Your task is to copy each line of the material below that includes "atzo".
··· Exercise input ···
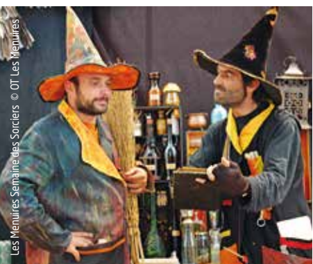
Les Menuires Semaines des Sorciers
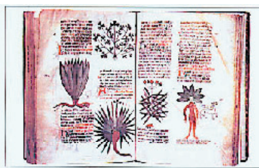
La MANDRAGORE mâle et femelle de la NIVE sicut

La Mandragore appartient à la famille des solanacées, il en existe deux espèces. Tout d'abord, la mandragore dite « mâle » ou Mandragora Officinarum , à racine blanche et à fleurs blanchâtres ou mauves que l'on trouve du nord de l'Italie à l'ouest de la péninsule des Balkans.
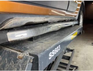
Marşbiyel, sol, Marşbiyel plastiği, sol > Ezik
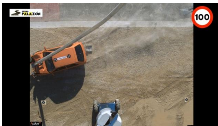
Crash test done in IIDIADA Applus
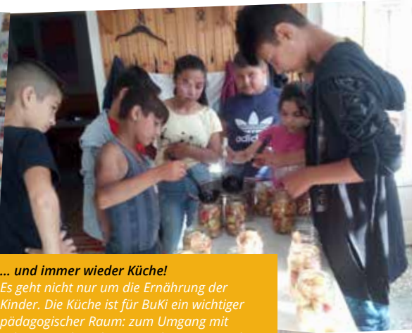
... und immer wieder Küche! Es geht nicht nur um die Ernährung der Kinder. Die Küche ist für BuKi ein wichtiger pädagogischer Raum: zum Umgang mit Lebensmitteln, Arbeiten nach Rezepten - dazu muss man verstehen was Milliliter und Kilogramm sind, gleichzeitig erhalten die Kinder einen Eindruck von der grandiosen Vielfalt an Gerichten und Zubereitungsmöglichkeiten.
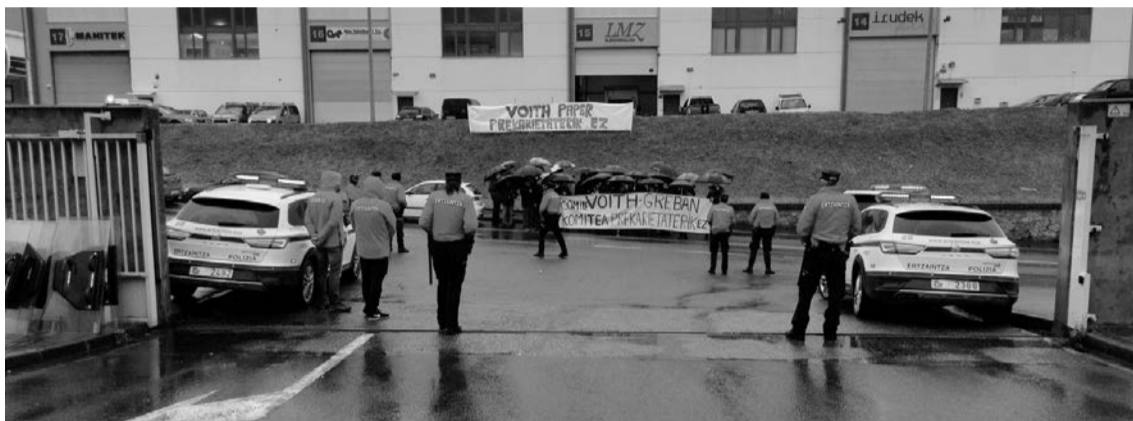
Grebalariaiek enpresaren atarian, atzo goizean, polizia parean dutela. A. IMAZ

Voith Paper SA enpresako langileek sei greba egun deitu zituzten, eta atzo egin zuten lehena; bihar bilera egiteko deia jaso dute langileek, zuzendaritzaren aldetik
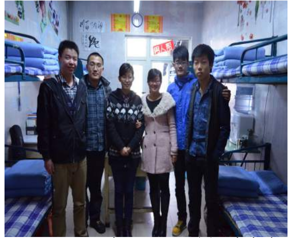
文：尹云飞 图：李本浩

为了响应国家要求，将学生宿舍建成整洁、优雅、团结、文明的生活场所，同时也为了培养大学生的集体意识，调动广大学生对内务工作的积极性，由建筑工程学院宿管部、女生部联合承办了宿舍文化节活动，建筑工程学院辅导员办公室各个领导参观了星级宿舍并进行了挂牌仪式。此次宿舍和先进个人评比活动，激发了同学们爱校园、爱宿舍的热情，增强了他们的团队合作精神和寝室成员间的凝聚力，推动了校园精神文明建设。
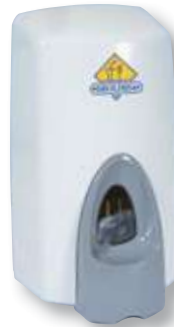
REF. 230 Dosificador gel espuma Foamsoap
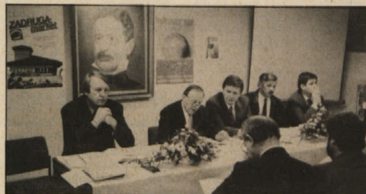
Predsedstvo občnega zbora ZSZ
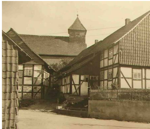
St. Martini Kirche mit ehemaliger Schule von der Ziegenstraße

Herausgegeben von der Ortsheimatpflege Güntersen 2007 © Weitere Informationen zu unserem Ort: www.guentsersen.de
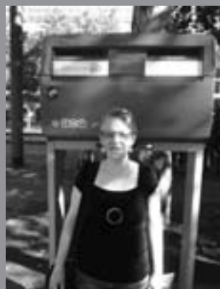
TNT verhoogt de tarieven
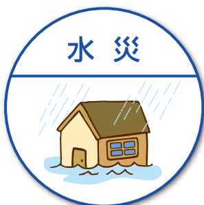
洪水や床上浸水など
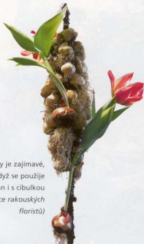
Vždy je zajímavé, když se použije tulipán i s cibulkou (práce rakouských floristů)
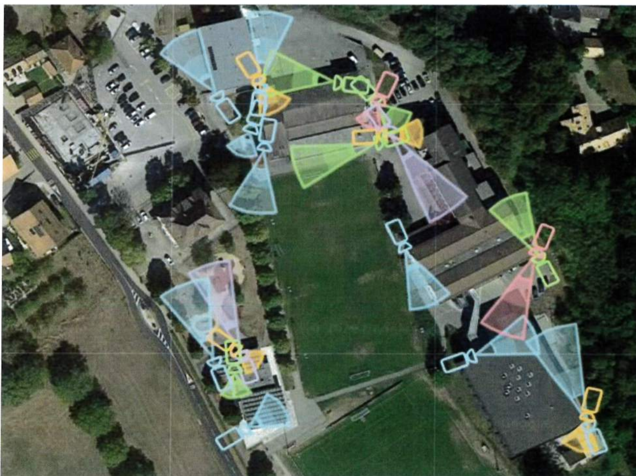
Figure 1 : Positionnement des caméras

Le plan ci-dessous, tiré de l'offre de Swisscom, montre la position des 22 caméras ainsi que leur champ d'action ; la moitié des caméras sera propriété de la commune de Genolier, l'autre moitié sera propriété de l'AISGE ; il est entendu que le remplacement d'une caméra défectueuse après la période couverte par la garantie de 2 ans sera à la charge de son propriétaire.
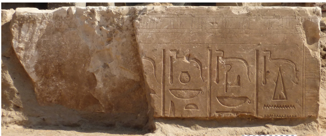
Fig. 11. Bloc de calcaire (Amenemhat I er ) remployé à l'ouest du naos ptolémaïque.

Les blocs les plus significatifs et les mieux conservés sont ceux proviennent de grandes scènes du temple d'Amenemhat I er (fig. 11). Ils représentent, de façon usuelle, le roi faisant offrande ou accomplissant un rituel devant le dieu Montou, maître de Thèbes. Les inscriptions préservées permettent d'identifier les protagonistes (protocole et épithètes royaux, noms des dieux) et fournissent ainsi quelques clés de compréhension des scènes.
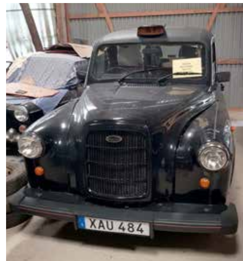
En äkta Londontaxi gömmer sig i den låsta ladan. Det är en Carbodies Fairway från 1997 försedd med en 86 HK dieselmotor
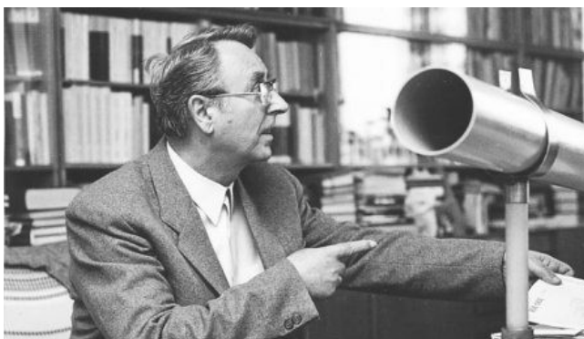
Mons. Ján Chryzostom Korec, 27-ročný tajne vysvätený biskup, v r.1960 - 1968 politický väzeň, v r.1968 - 1984 robotník v Bratislave.
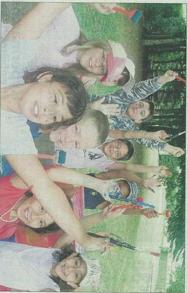
Les activités manuelles "bricoleur de la nature" font fureur chez les 9-14 ans.
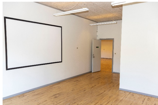
Stort kontor/undervisningslokale mod vest
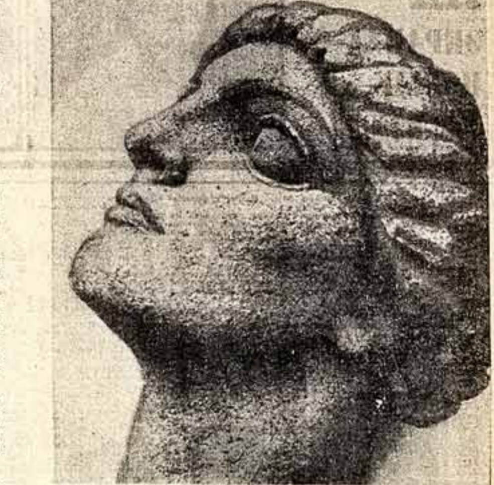
«ГЕНЬЯ СВОБОДЫ» из обелиска Советской Конституции, сооруженного скульптором И. Андреевым и архитектором Д. Осиповым. Ленин лично утвердил проект этого монумента. Памятник был открыт в дни первой годовщины Октября на Советской площади в Москве. Нельзя еще раз не высказать сожаления, что Москва лишилась этого памятника, замечательного дух времени.
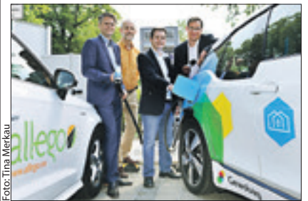
Eine Möglichkeit mehr: Künftig kann das Auto auch in Tegel aufgeladen werden.

Die Schnellladestation in der Berliner Straße steht auf halböffentlichen Land, da sie auf einem Grundstück
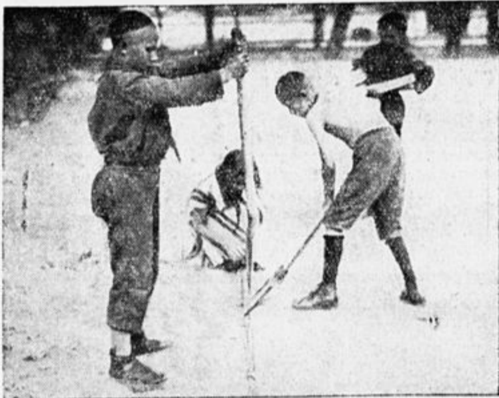
УСТРОЙСТВО ПЛОЩАДКИ—ИНТЕРЕСНАЯ РАБОТА.

Цель экскурсии: отдых на свежем воздухе, купанье в Москва-реке на хорошем пляже.
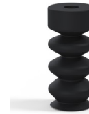
Référence déclinaison :
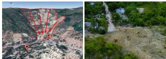
Gambar 3. Fenomena Gunung Berpindah di Kupang, NTT
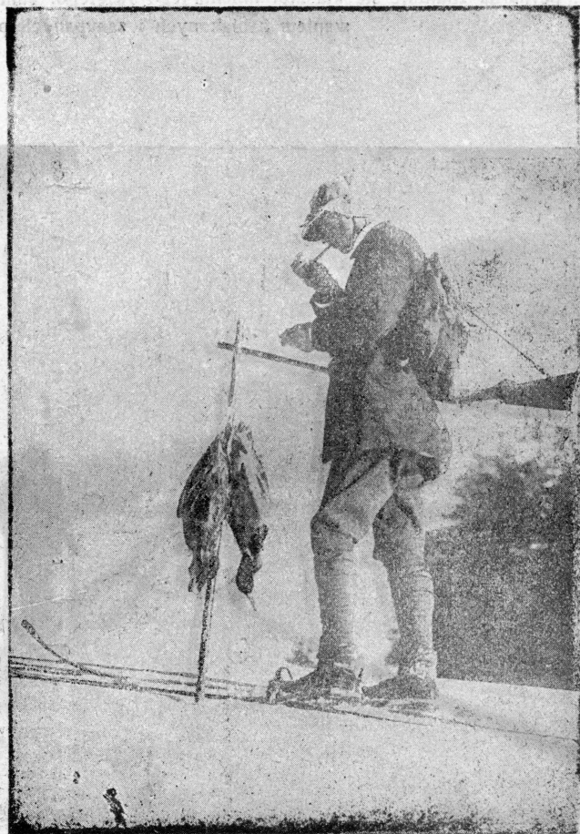
Człowiek musi się zawsze przystosować do przyrody. W błotach pińskich myśliwy zamiast butów nakłada łapcie z łyka, zaś w Szwajcarii musi być on równocześnie dobrym myśliwym i jeźdźcem na ski. Polowanie na jeźloro St. Morie.
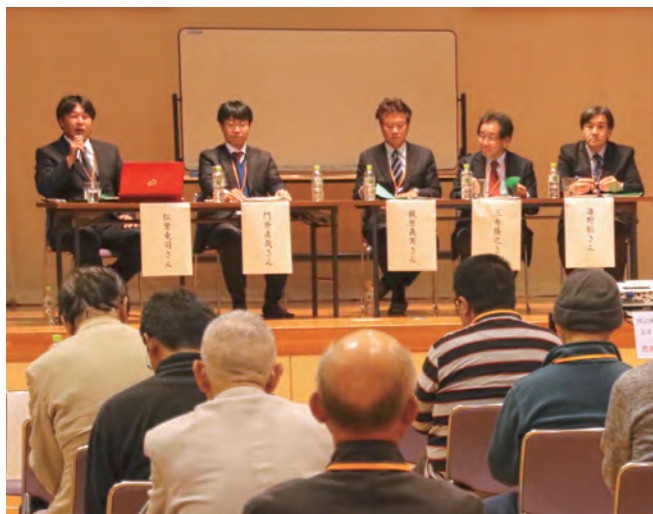
↓フォーラムの講師陣による座談会

10月26日から11月1日にかけて、敦賀交通安全協会による運転者講習会が町内4ヶ所で行われました。講習会では、交通事故防止に関するDVDの視聴や、敦賀警察署交通課による、交通安全についての講演がありました。参加者約220人は、講習をとおして交通安全に対する意識を高めていました。
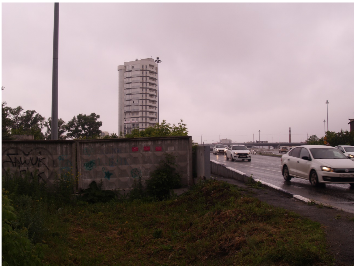
Фото 17. Градостроительная ситуация на территории исследования.
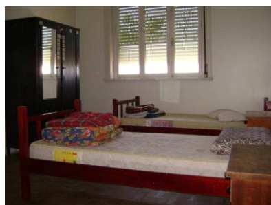
Internato com refeitório, dormitórios femininos e masculinos, sala de televisão e de estudos, entre outros.
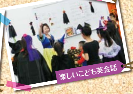
楽しいこども英会話
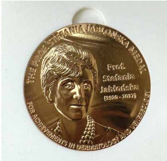
Figure 22. Professor Stefania Jabłowska Medal Rycina 22. Medal im. prof. Stefanii Jabłońskiej
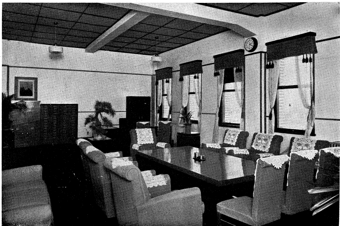
新京東拓ビルディング
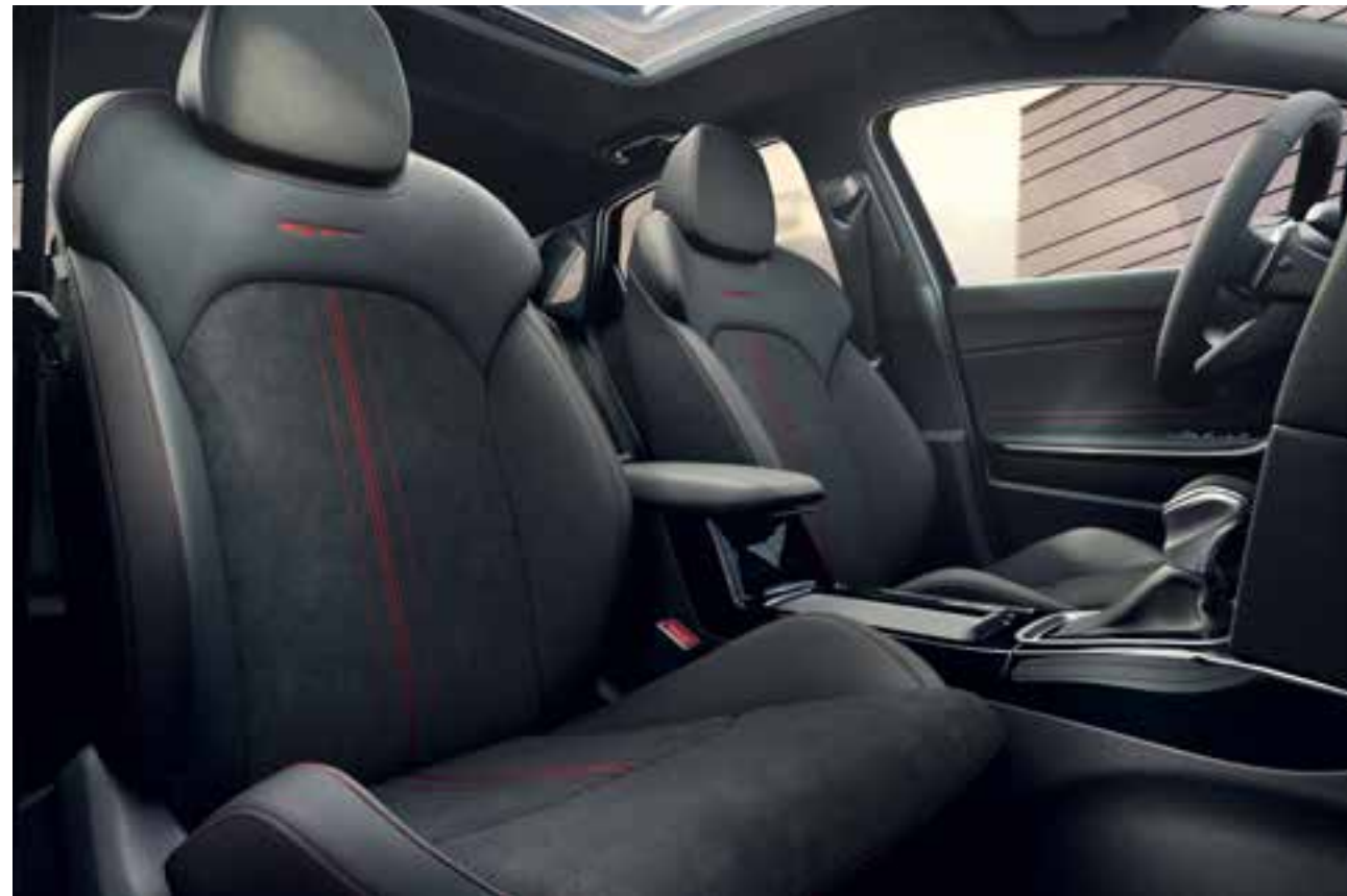
GT. Topklasse interieur met sportieve kuipstoelen uitgevoerd in hoogwaardig zwart suède/leder-combinatie met sportieve rode stiksels en GT-logo; hemelbekleding in zwart.
···
* **Solution to this problem**
Grebalariaiek enpresaren atarian, atzo goizean, polizia parean dutela. A. IMAZ
Voith Paper SA enpresako langileek sei greba egun deitu zituzten, eta atzo egin zuten lehena; bihar bilera egiteko deia jaso dute langileek, zuzendaritzaren aldetik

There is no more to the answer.